Not sure if this helps any, but if you've solved for the $r_1=r_2$ case, I think you should be able to follow from this line of reasoning for the general case.

There exists a triangle with vertices at the centers of the two circles and a third vertex elsewhere. The side which joins the centers of the two circles is of length $r_1+r_2$ and the other two sides contain the radii of each circle pointed towards their respective intersections with the ellipse.

First, optimize the two base angles of this triangle (the angles at the center of each circle, let's call them $\theta_1$ and $\theta_2$) so that the tangents to the circles at each of the three intersections become altitudes of the triangle and so that their intersection is thus the orthocenter of the triangle. Obviously the ratio between $r_1$ and $r_2$ will limit what angles $\theta_1$ and $\theta_2$ can be allowed.

Next, tilt your ellipse so that its major axis is also pointed towards this orthocenter, namely so that its most convex point will overlap the triangle, thus reducing the greatest area possible.

The distances from each tangent point to the orthocenter are equal and each line from the orthocenter to the centers of the circles bisects their angles $\theta_1$ and $\theta_2$.

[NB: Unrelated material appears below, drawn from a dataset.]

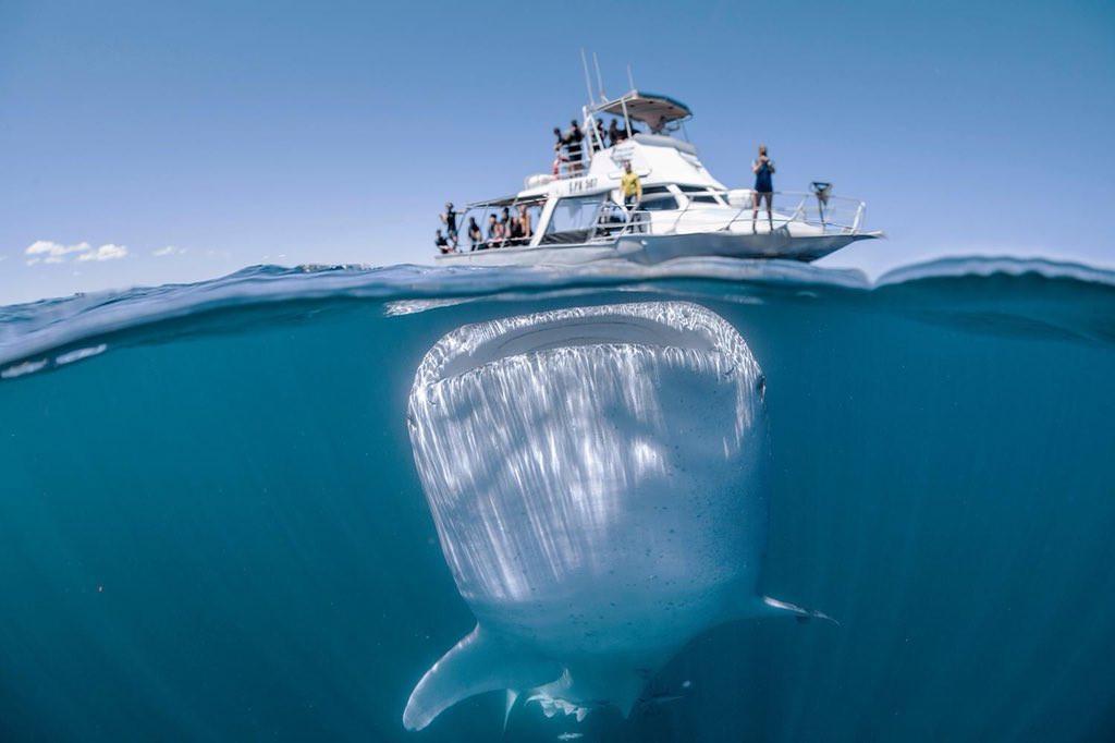 «Η εικόνα τραβήχτηκε περίπου 6 χιλιόμετρα από την ακτή στο πίσω μέρος του κοραλλιογενή κόλπου Νίνγκαλο Δεν φοβήθηκα, κολυμπάω συχνά δίπλα τους, αλλά πάντα διατηρώ μια απόσταση ασφαλείας. Είναι ένα πολύ υπάκουο ψάρι και συχνά αποφεύγει οτιδήποτε όταν αισθανθεί ότι απειλείται».

The segment that joins the two points of intersection of the ellipse is a chord perpendicular to and bisected by the major axis of the ellipse. The optimized solution will have a minimum length for this chord. The angle of elevation of this chord (and thus the minor axis of the ellipse itself) relative to the line connecting the two circles is given by:

$\alpha = \tan^{-1}(\frac{r_2\sin(\theta_2)-r_1\sin(\theta_1)}{r_2(1-\cos(\theta_2)) + r_1(1-\cos(\theta_1))})$

From there, knowing the tilt of the ellipse relative to the line connecting the centers of the two circles and knowing that the angle covering the ellipse's segment is bisected by the major axis, I think you should be able to proceed similarly to the case $r_1 = r_2$. Or at least that's my attempt at an answer before the bounty runs out. Best of luck.

EDIT:

Definitions:

$\theta_1$ is $m\angle CO_2B$

$\theta_2$ is $m\angle AO_1B$,

$\theta_3$ is $m\angle AOC$

(in general, subscript 3 will refer to the ellipse, even though it is not marked as such on the diagram)

Relations between angles:

$\theta_2 = 2\arctan(\frac{r_1}{r_2}\tan(\frac{\theta_1}{2}))$

$\theta_3 = 2\arcsin(\frac{r_1}{b}\tan(\frac{\theta_1}{2})\sin(\frac{\theta_1 + \theta_2}{2}))$

Areas of the three segments:

$A_{\bigcirc_1} = \frac{\theta_1}{2}r_1^2$

$A_{\bigcirc_2} = \frac{\theta_2}{2}r_2^2$

$A_{\bigcirc_3} = a\cdot b\cdot \arctan(\frac{b}{a}\tan(\frac{\theta_3}{2}))$

see this post on finding the area of an ellipse segment

Areas of the triangles that need to be subtracted from those segments:

$A_{\triangle_1} = \frac{1}{2}r_1^2\sin(\theta_1)$

$A_{\triangle_2} = \frac{1}{2}r_2^2\sin(\theta_2)$

$A_{\triangle_3} = \frac{1}{2}(b^2\sin^2(\frac{\theta_3}{2}) + a^2\cos^2(\frac{\theta_3}{2}))\cdot\sin(\theta_3)$

You can use Heron's formula to calculate the area of $\triangle ABC$ using side-lengths defined by

$\overline{AB} = 2r_1\sin(\frac{\theta_1}{1})$

$\overline{BC} = 2r_2\sin(\frac{\theta_2}{2})$

$\overline{AC} = 2b\cdot\sin(\frac{\theta_3}{2})$

The constraint on tangents:

So everything above gives you results only in terms of your constants and the angles, which can all be reduced to being relations of a single angle of your choice. What you need to do to get a solution, is to remember the constraint that the tangent lines of your ellipse need to be the same as your tangent lines to your circle so that the ellipse never overlaps them.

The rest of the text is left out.